Zee was my friend and he was going to die unless someone did something. As far as I could tell, I was the only someone who was doing anything at all.

“Those are just stories,” I said with just the right amount of hesitation.

“So is the Bible,” he said solemnly. “So is every history book you read. Those fairy tales were passed down as a warning by people who could neither read nor write. People who wanted their children to understand that the fae are dangerous.”

“There's never been a case of a fae convicted of hurting any human,” I said, repeating the official line. “Not in all the years since they officially came out.”

“Good lawyers,” he said truthfully. “And suspicious suicides by fae ‘who could no longer bear being held so near cold-iron bars.'”

He was persuasive—because he was right.

“Look,” he said. “The fae don't love humans. We are nothing to them.
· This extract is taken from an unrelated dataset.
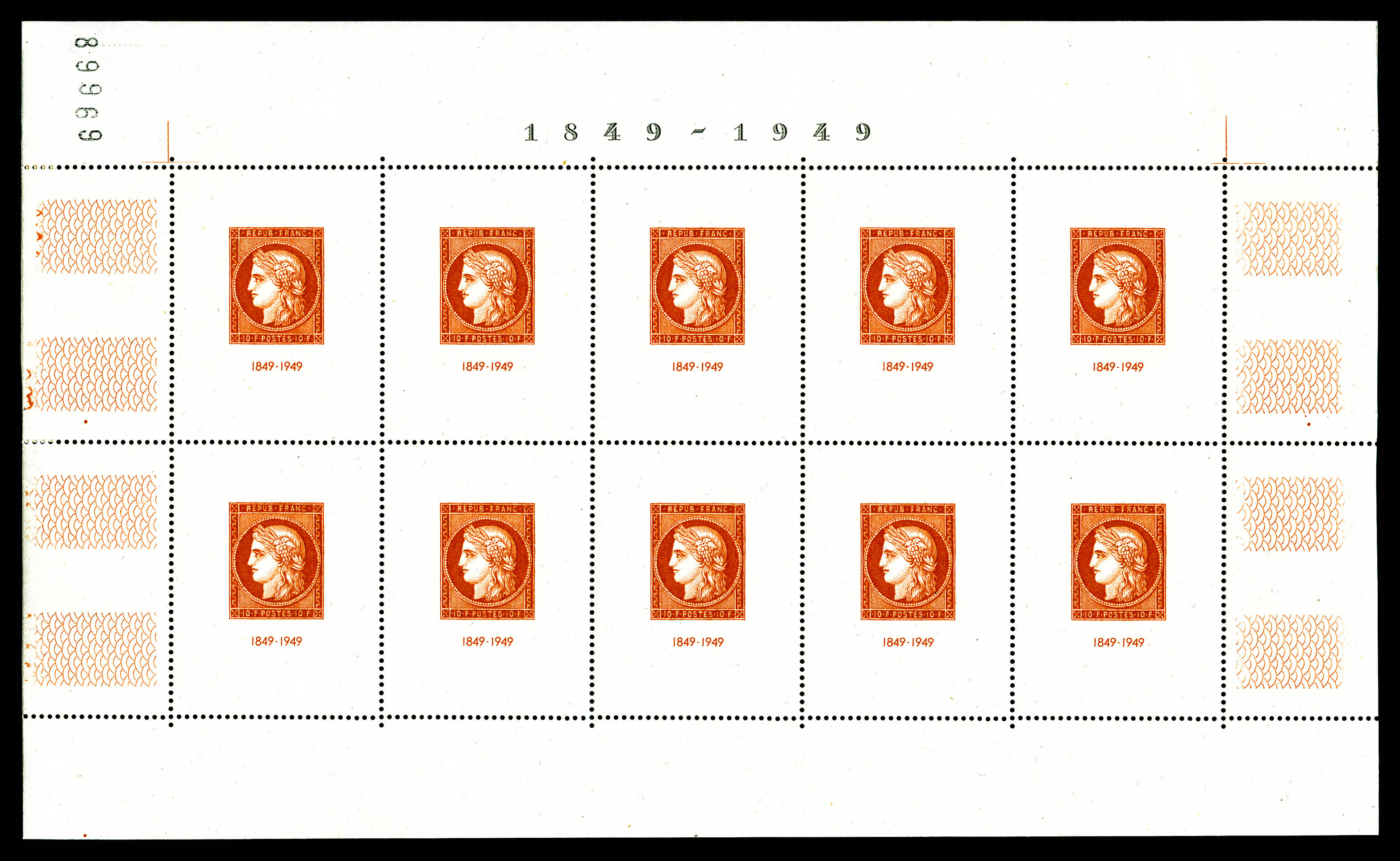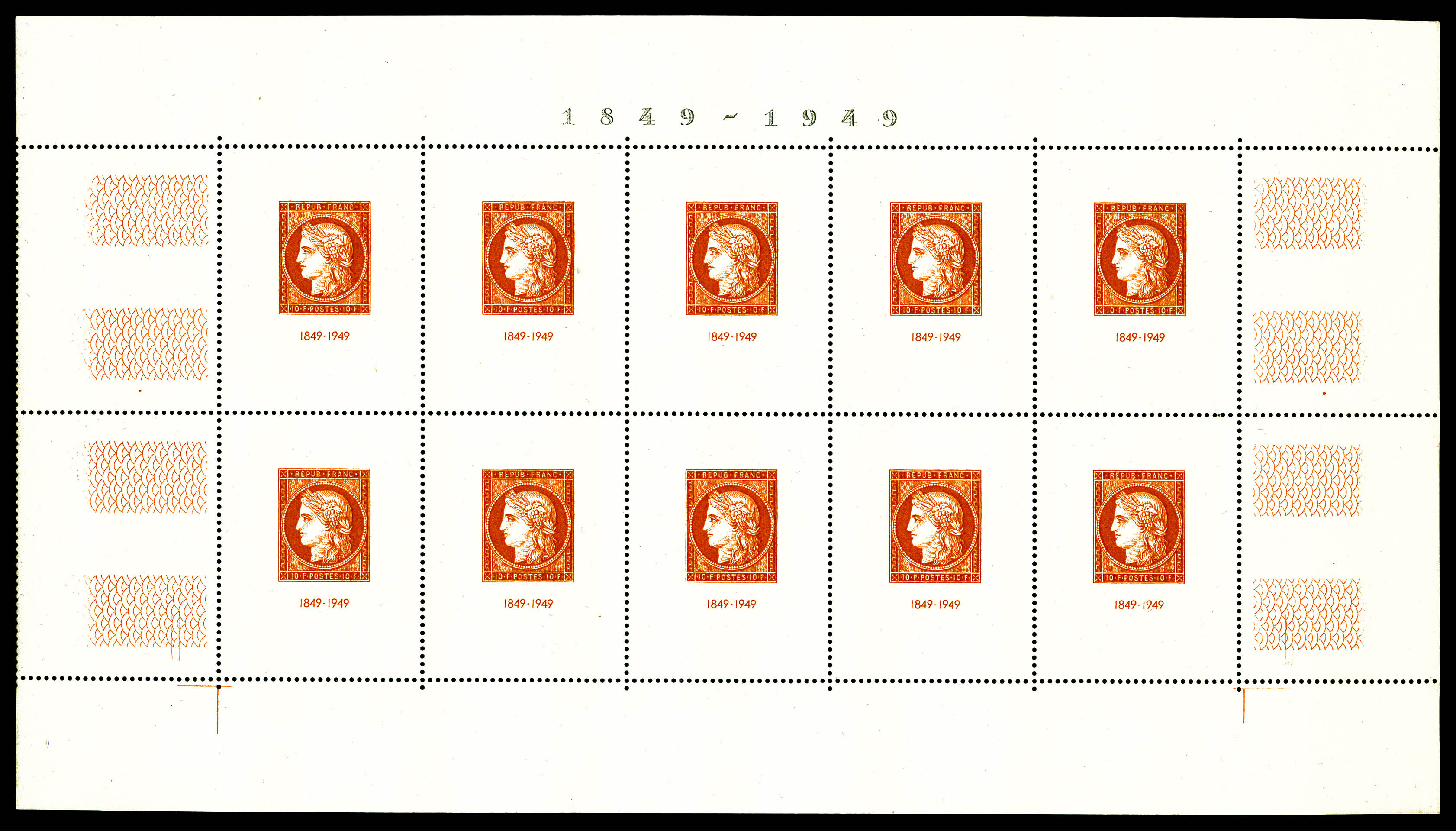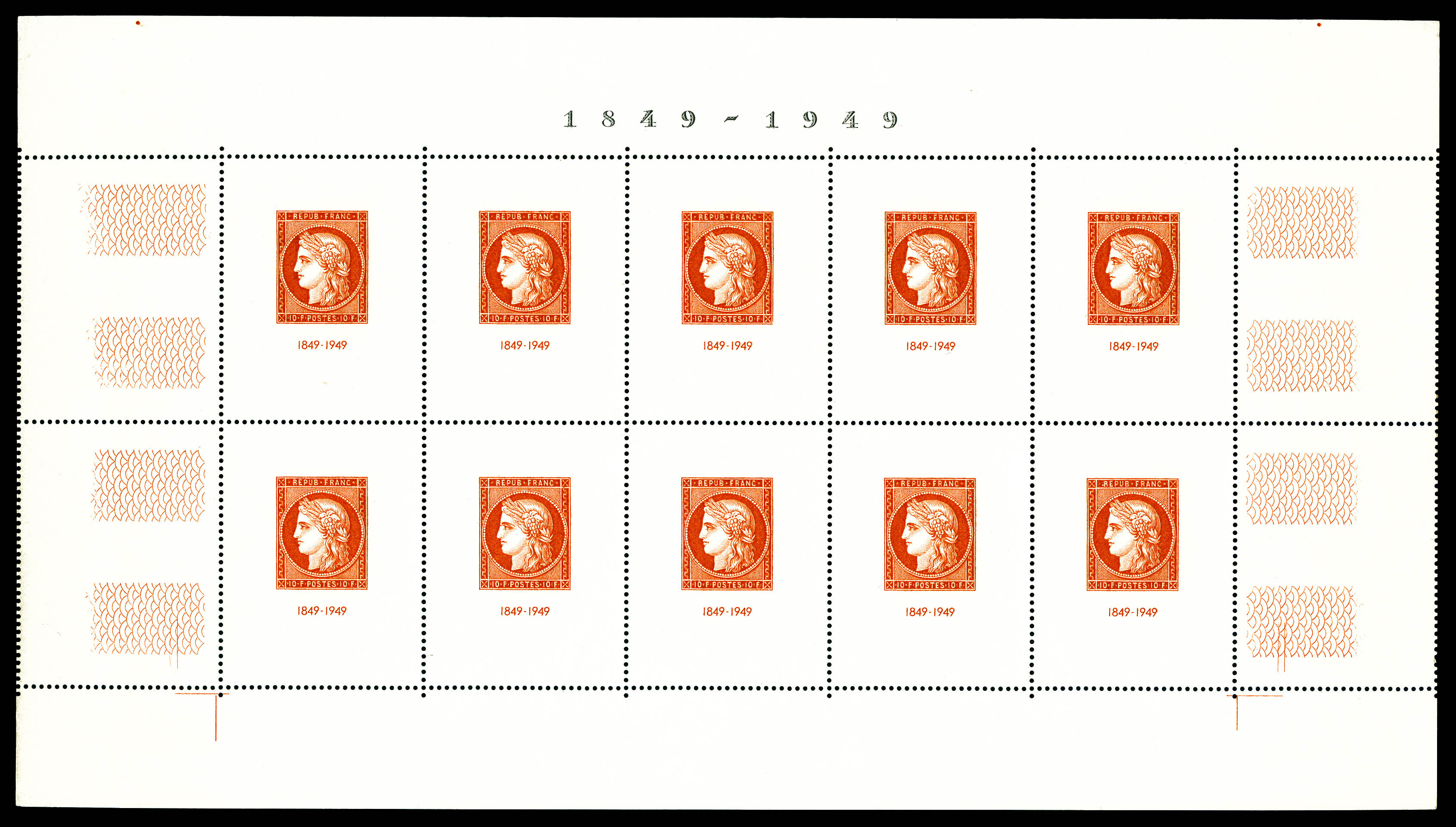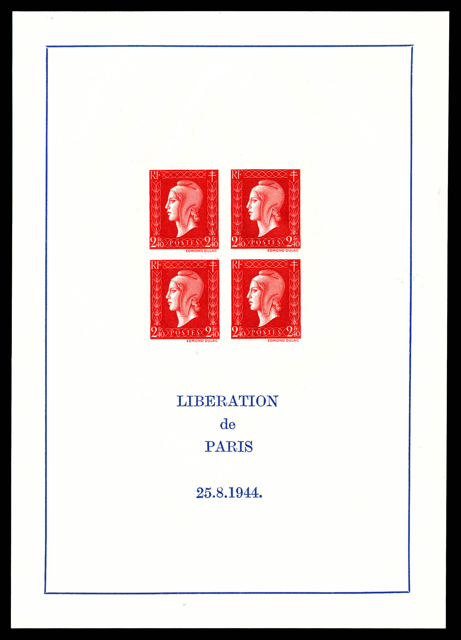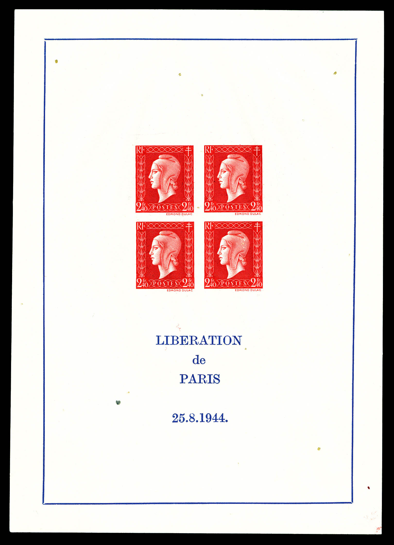 N°4, Non émis: Dulac, 2F 40 rouge en bloc de quatre sur feuillet non dentelé, qualité extraordinaire, sans pailles habituelles,

Until Christianity and good steel came along, we were short-lived playthings with a tendency to breed too fast. Afterward we were short-lived, dangerous playthings. They have power, Mercy, magic that can do things you wouldn't believe—but it's all there in the stories.”

“So why haven't they killed us?” I asked. It wasn't really an idle question. I'd wondered about it for a long time. The Gray Lords, according to Zee, were incredibly powerful. If Christianity and iron were such a bane to them, why weren't we all dead?

“They need us,” he said. “The pure fae do not breed easily, if at all. They need to intermarry in order to keep their race going.” He put both hands on the table. “They hate us for that most of all. They are proud and arrogant and they hate us because they need us. And the minute they don't need us anymore, they will dispose of us like we dispose of cockroaches and mice.”